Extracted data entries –
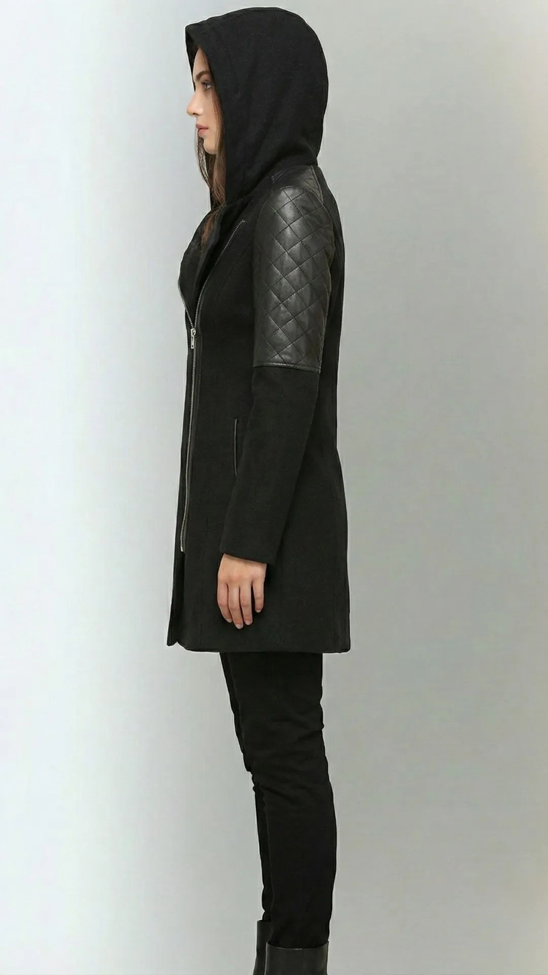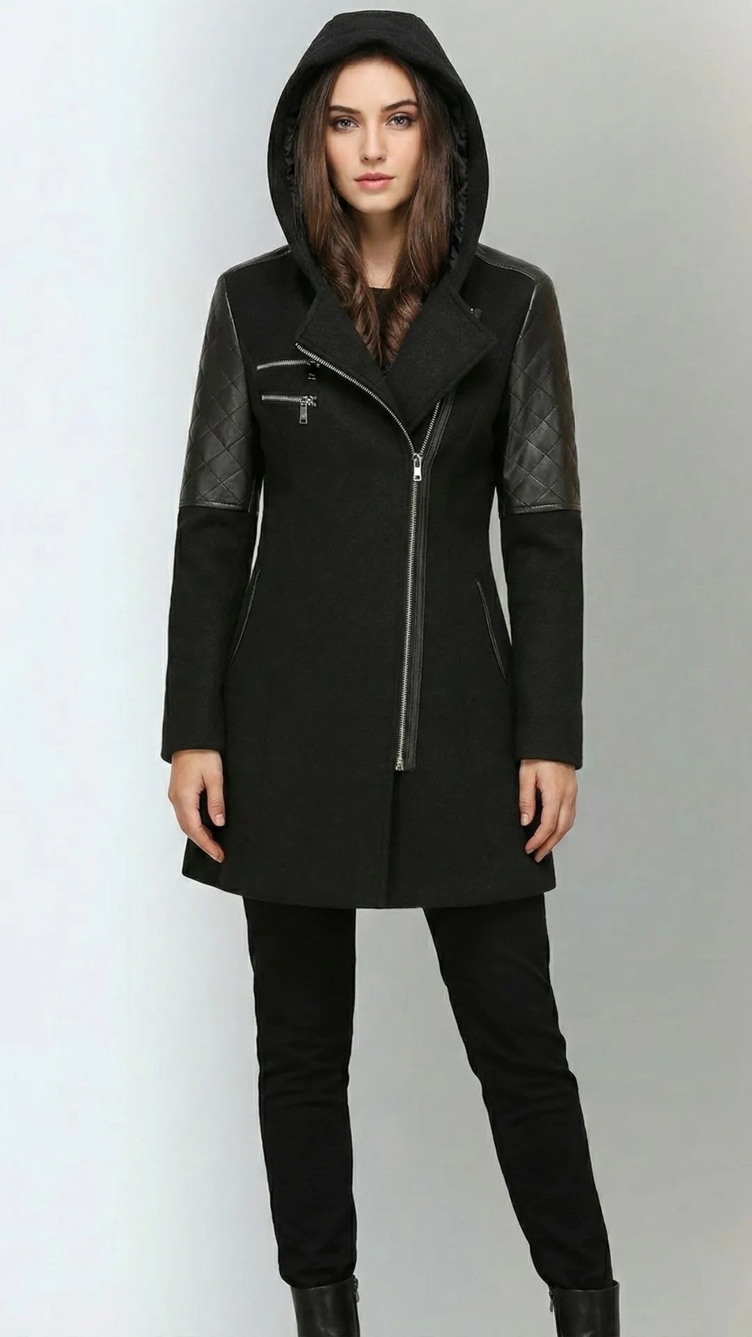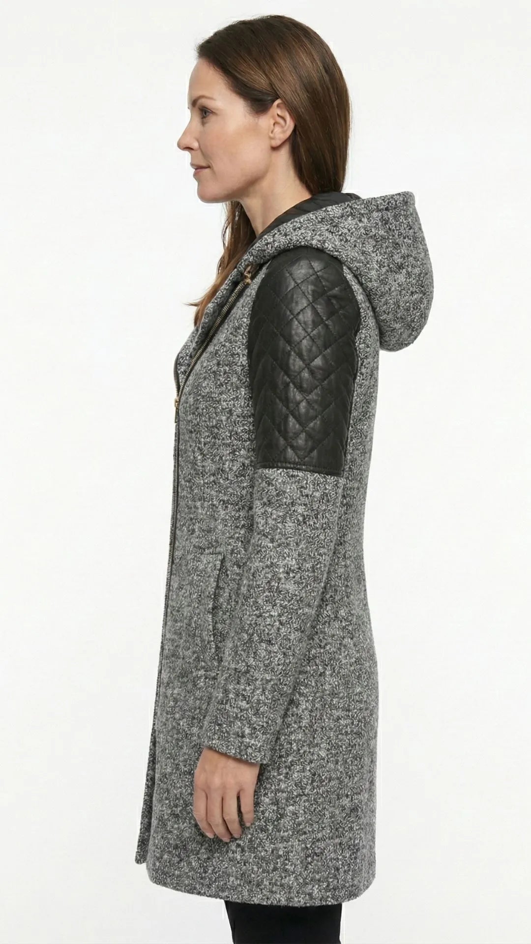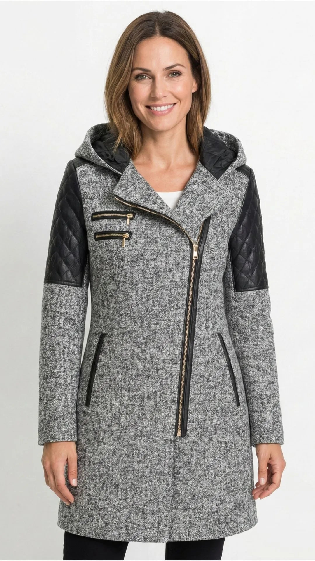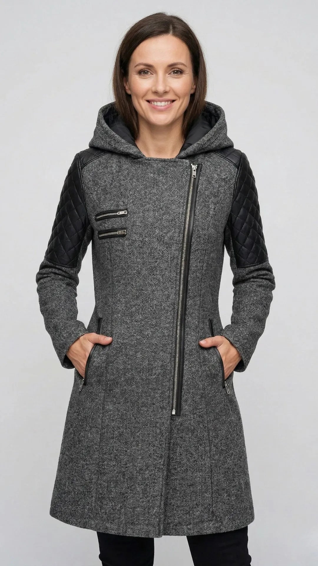 Poczuj się pewnie i stylowo tej zimy! Płaszcz Verona to coś więcej niż ochrona przed zimnem. To manifest Twojego stylu. Inspirowany kurtkami typu "ramoneska", ale w eleganckim, dłuższym wydaniu. Idealne połączenie klasycznego wyglądu tweedu z nowoczesnym akcentem skórzanych rękawów.
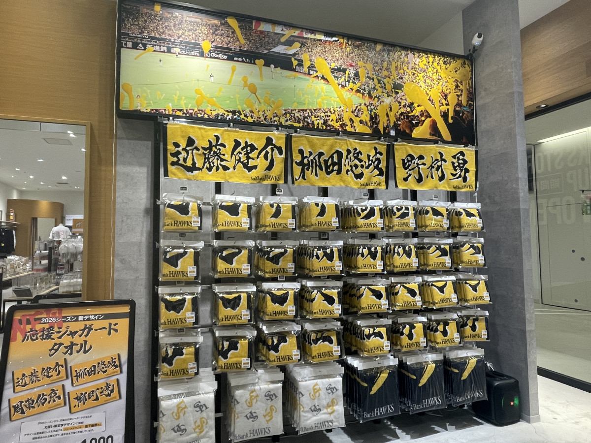 福岡ソフトバンクホークスオフィシャルグッズショップ「HAWKS STORE」が現在、マークイズ福岡ももち(福岡市中央区地行浜2)2階に期間限定で出店している。
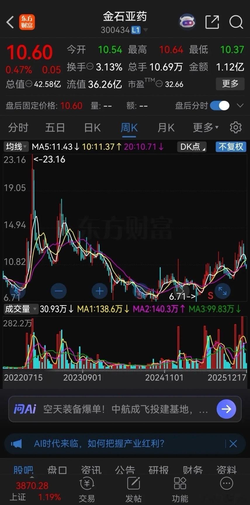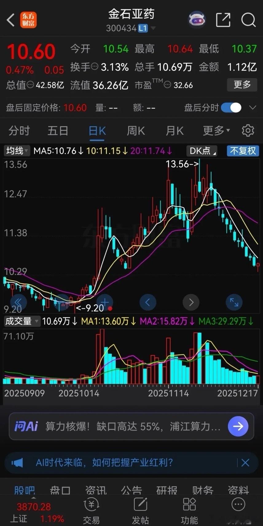 这走势,股民们都要吐了!金石亚药连续收出12根阴线,昨天勉强收出一根小阳线,公司股价今年本来就没咋涨,10月份刚走出上升趋势,不少股民纷纷跑步进场,还以为捡到了宝。结果最近却连续崩盘式下跌,这一跌把近两个月进场的股民基本都套住了。有些股票,你看着很便宜,性价比很高,其实它是等待你入坑呢!
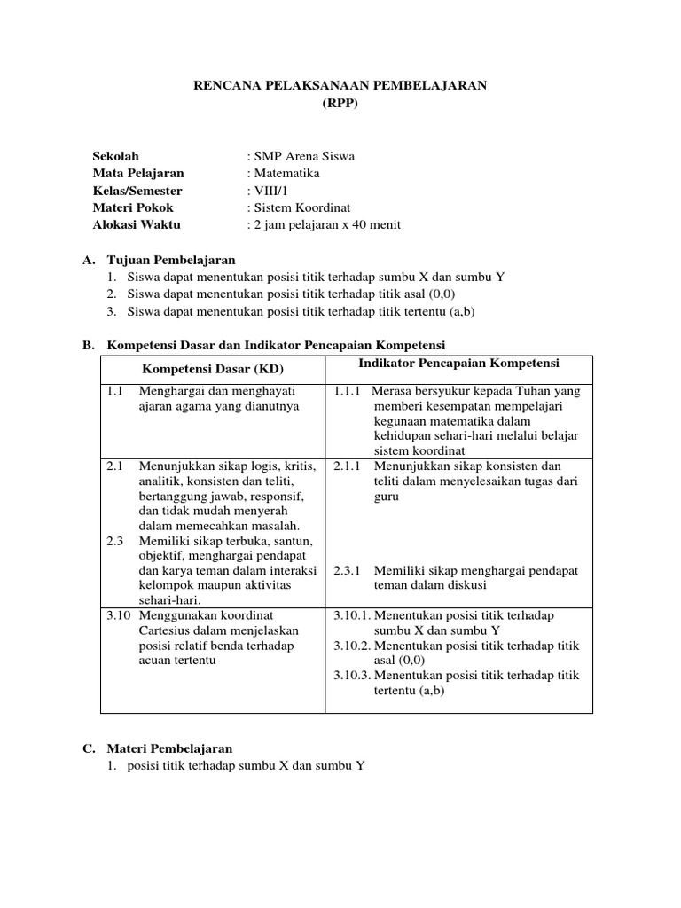Rpp 1 Lembar Matematika Kelas 8 Semester 1 2 K13 Revisi 2020 Kherysuryawan Id
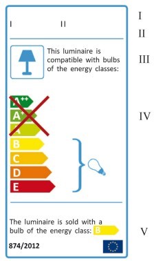V为适用情况下显示的句子内容,如:如果安装在灯具上的灯能由终端消费者替换,则灯的能效等级应包含在灯具的包装上。必要时,句子可调整至一个灯或几个灯上,且列出几个能效等级。如果灯具内仅包含一个不能由终端消费者替换的整体式LED模块,则灯上应标明警示语,以告知消费者灯不能替换。
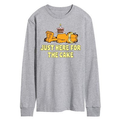 Garfield - Just Here For Cake Birthday - Men's Short Sleeve Graphic T-Shirt - Bring the humor and laziness of the famous orange cat to your wardrobe with Garfield graphic apparel. Featuring Garfield, Odie, and Jon, these designs celebrate the iconic comic strip and its beloved characters.
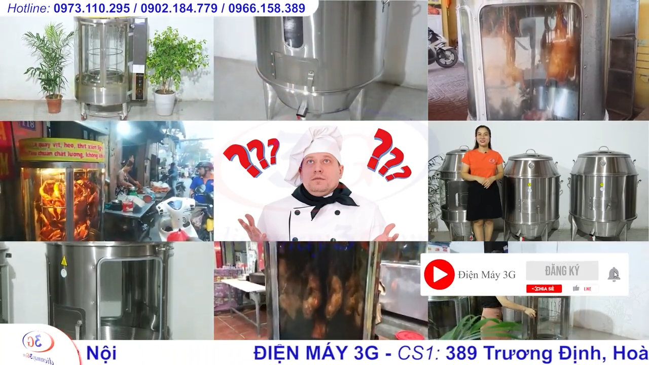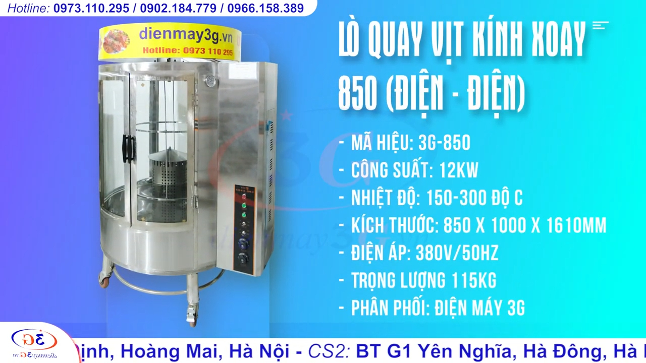 Lò Quay Vịt Gà Kính Xoay 850 Sử Dụng Điện 100%
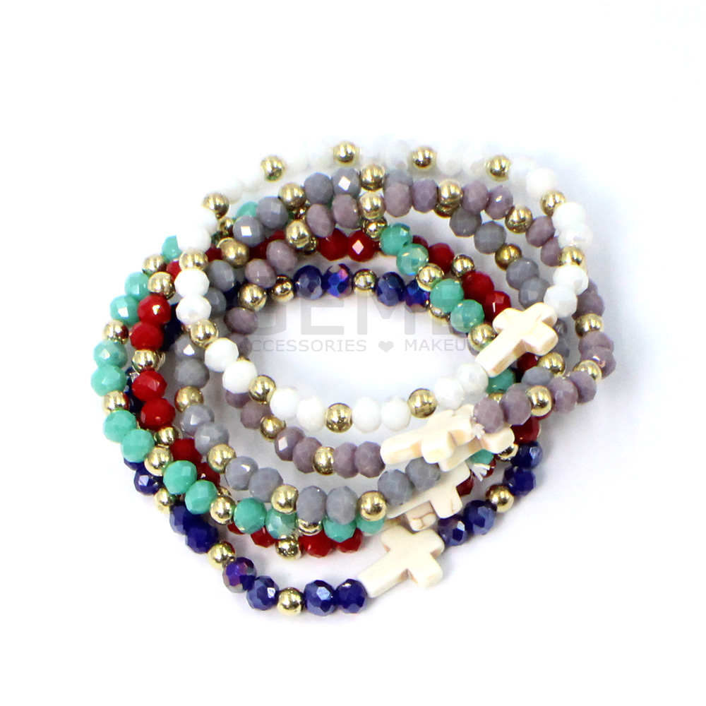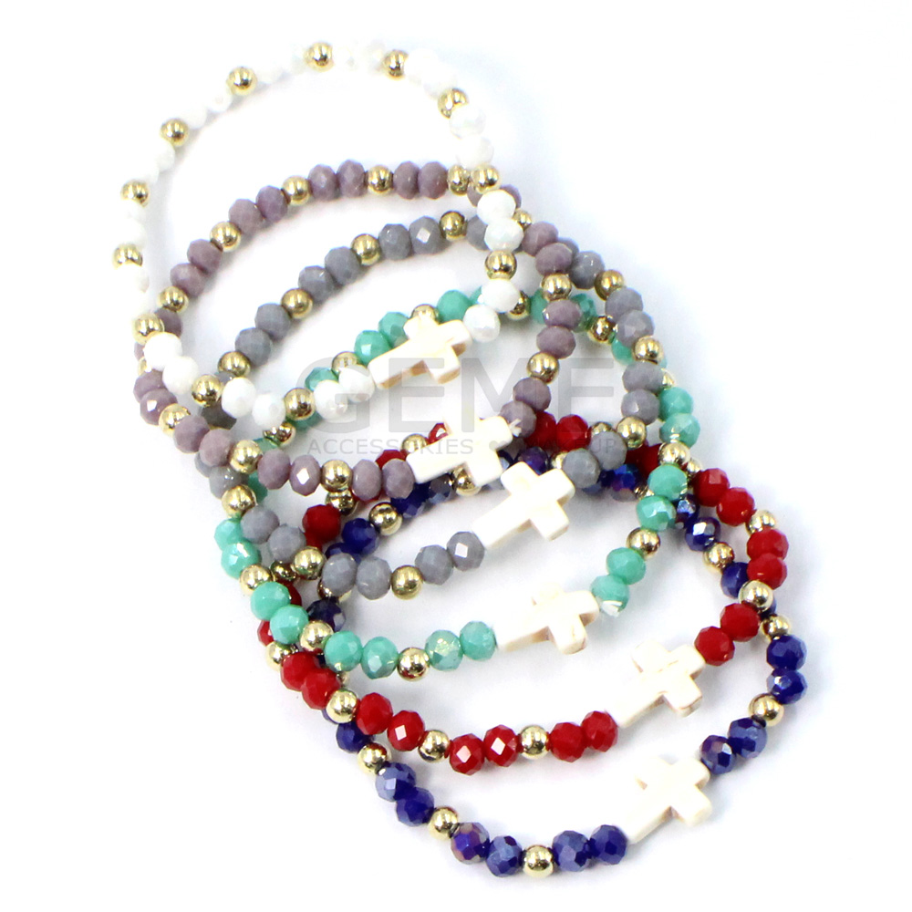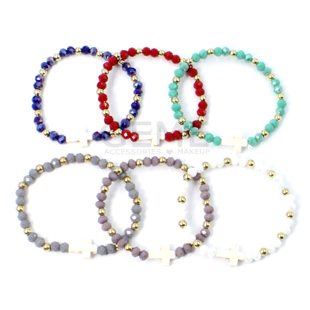 Βραχιόλι ελαστικό με χάντρες και σταυρό ποσότητα
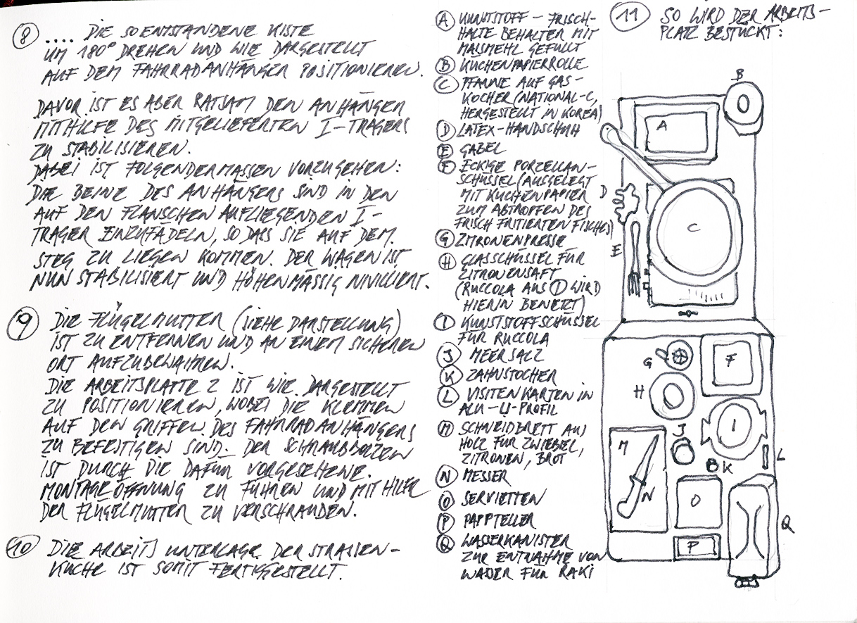 Die Standorte sind über die gesamte Stadt Wien verteilt und folgen einem imaginären Pfad, der im Laufe der 2 Wochen immer erkennbarer werden wird. Die Auswahl der Punkte orientiert sich an der Qualität der Plätze aufgrund ihrer Besucherfrequenz zu bestimmten Zeiten, ihrem Konsumpotentials in der näheren Umgebung, ihrer exklusiven Isoliertheit. Großartige Fallbeispiele dafür sind der Florida-Tower zur Rushhour, die Twin-Towers zum Lunch, das Burgtheater nach einer Vorstellung. Der gesamte Abfolgeplan wird im Vorfeld bei der Behörde angemeldet und um Genehmigung der Kunstaktion im Rahmen von Soho in Ottakring angesucht. An den Plätzen wird für den Zeitraum von maximal 1,5 Stunden eine mobile Straßenküche aufgebaut und aus einem begrenztem Vorrat aus frischem Gemüse, Brot und Fisch eine warme Spezialität auf einer Garplatte zubereitet und verkauft.
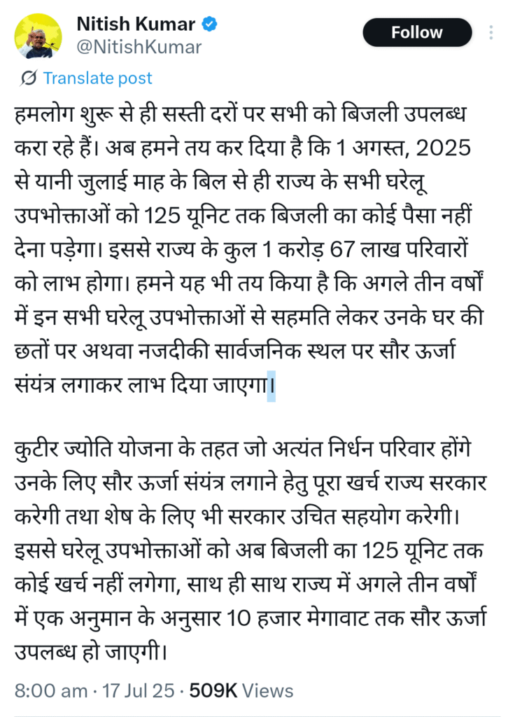 चुनावी साल में बिहार के मुख्यमंत्री नीतीश कुमार ने बड़ी राहत की घोषणा करते हुए हर परिवार को 125 यूनिट मुफ्त बिजली देने का ऐलान किया है. यह योजना 1 अगस्त 2025 से लागू हो जायेगी और इससे 1 करोड़ 67 लाख परिवारों को लाभ मिलने की उम्मीद है. साथ ही,सरकार अगले तीन वर्षों में पूरे राज्य में सौरऊर्जा संयंत्र स्थापित करने की भी योजना बना रही है.
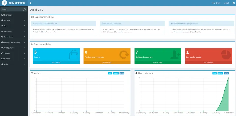 nopCommerce 的管理面板界面具有简洁易用的特点,如果你还使用过 OpenCart,就可能会感到似曾相识(我不是在抱怨)。在默认情况下,它就已经自带了很多基本的功能,同时还为移动端用户提供了响应式的设计。
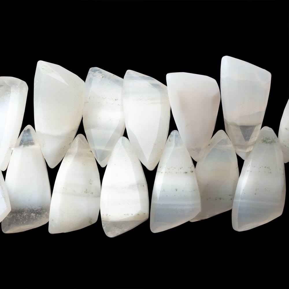Banded Agate faceted Fancy Shape Briolette Beads show great polish, an asymmetrical shape, and exhibiting a multi-toned bead in light to deeply saturated creamy white and gray hues. A well matched group of uniquely shaped and appealing banded Agate faceted briolette beads. AA Quality
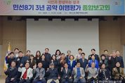 한국현대미술신문 신정은 기자 | 청주시는 19일 유네스코 국제기록유산센터에서 공약이행시민평가위원들과 관계 공무원 등 80여 명이 참석한 가운데 ‘민선8기 3년 공약 이행평가 종합보고회’를 개최했다. 이번 보고회에서는 지난 10월 개최된 각 분과회의를 통해 도출된 공약 과제의 이행평가 결과를 공유하고 남은 기간의 완성 방향과 향후 미래 과제에 대해 논의했다. 평가위원들은 민선8기 4년차에 대부분의 공약이 결실을 맺고 있고, 청주시의 공약이행이 시민이 체감하는 성과로 안정적으로 추진되고 있다고 평가했다. 88개의 공약과제는 △완료 12건 △이행 후 계속 추진 43건 △정상추진 32건 등 이행률 83.6%로 대부분이 가시적인 성과로 이어지고 있는 것으로 나타났다. 추진현황을 살펴보면, 민선8기 3년차에서는 도시기반 정비, 생활 인프라 확충, 투자활성화 등 다양한 분야에서 구체적인 성과를 거뒀다. 우선 시민참여와 사회공헌 활동의 중심 거점이 될 청주시 자원봉사센터 이전 확충사업이 지난 10월 완료됐으며, 무심천·미호강 친수공간 조성사업을 통해 모충교 일대 환경정비(4월)와 미호강 생태공원 편의
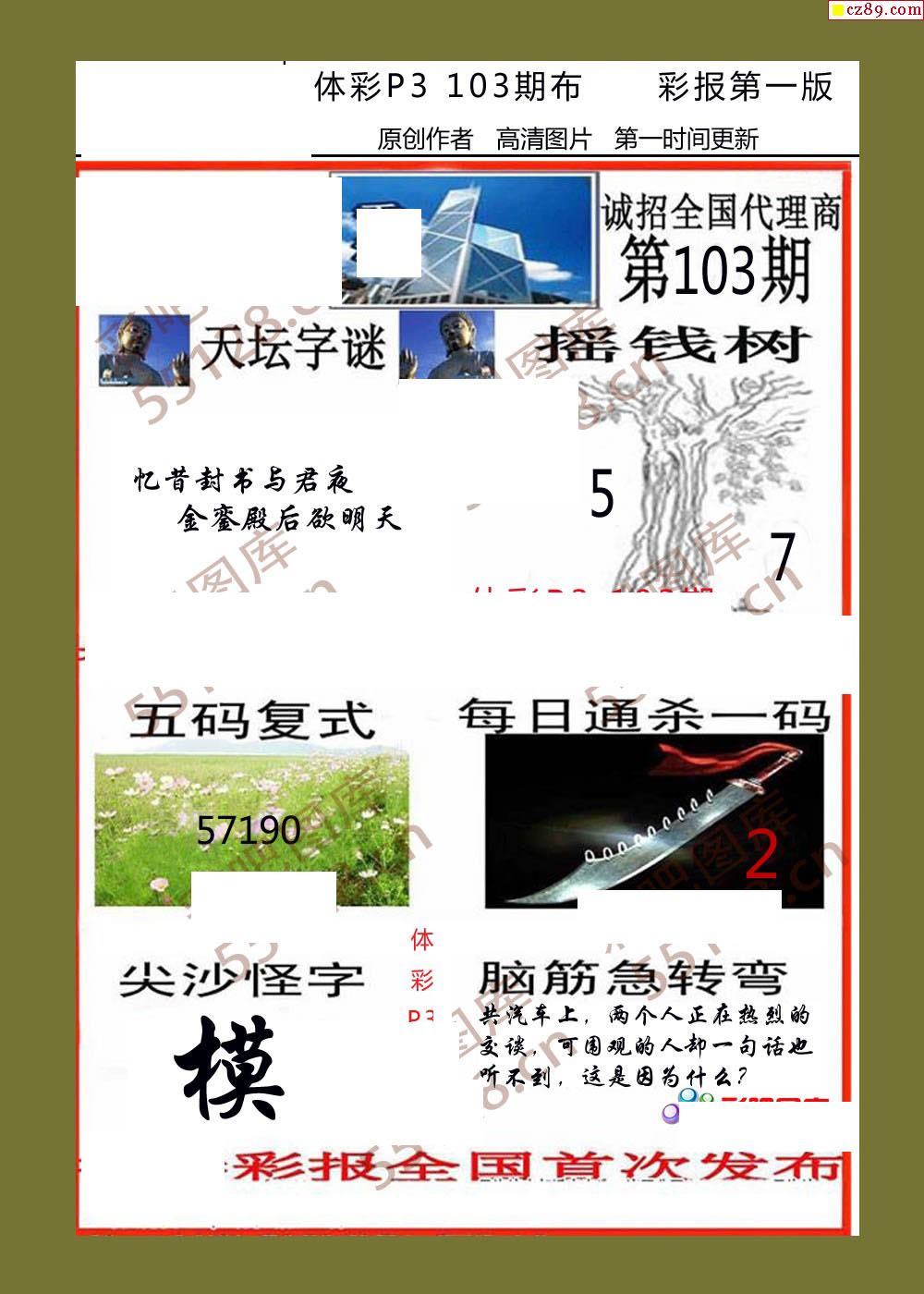 2026年103期牛彩网体彩P3画迷图谜汇总分享
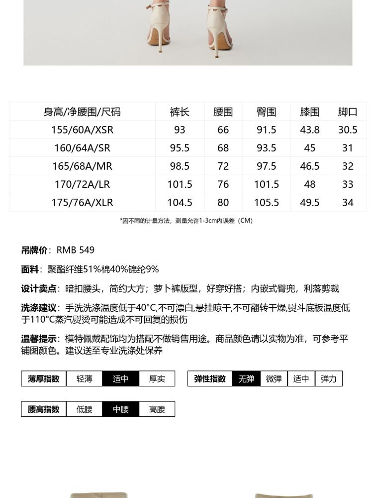 商品名称:【专柜同款】春夏纯色中腰九分萝卜裤休闲裤女气质百搭时尚 432721

WHAT NEEDS TO BE DONE –
Set down exactly the lines above, from the line containing "Lò Quay Vịt" through the line containing "Βραχιόλι ελαστικό με". Skip the pictures.

OUTPUT OF THE EXERCISE –
 Lò Quay Vịt Gà Kính Xoay 850 Sử Dụng Điện 100%
 Βραχιόλι ελαστικό με χάντρες και σταυρό ποσότητα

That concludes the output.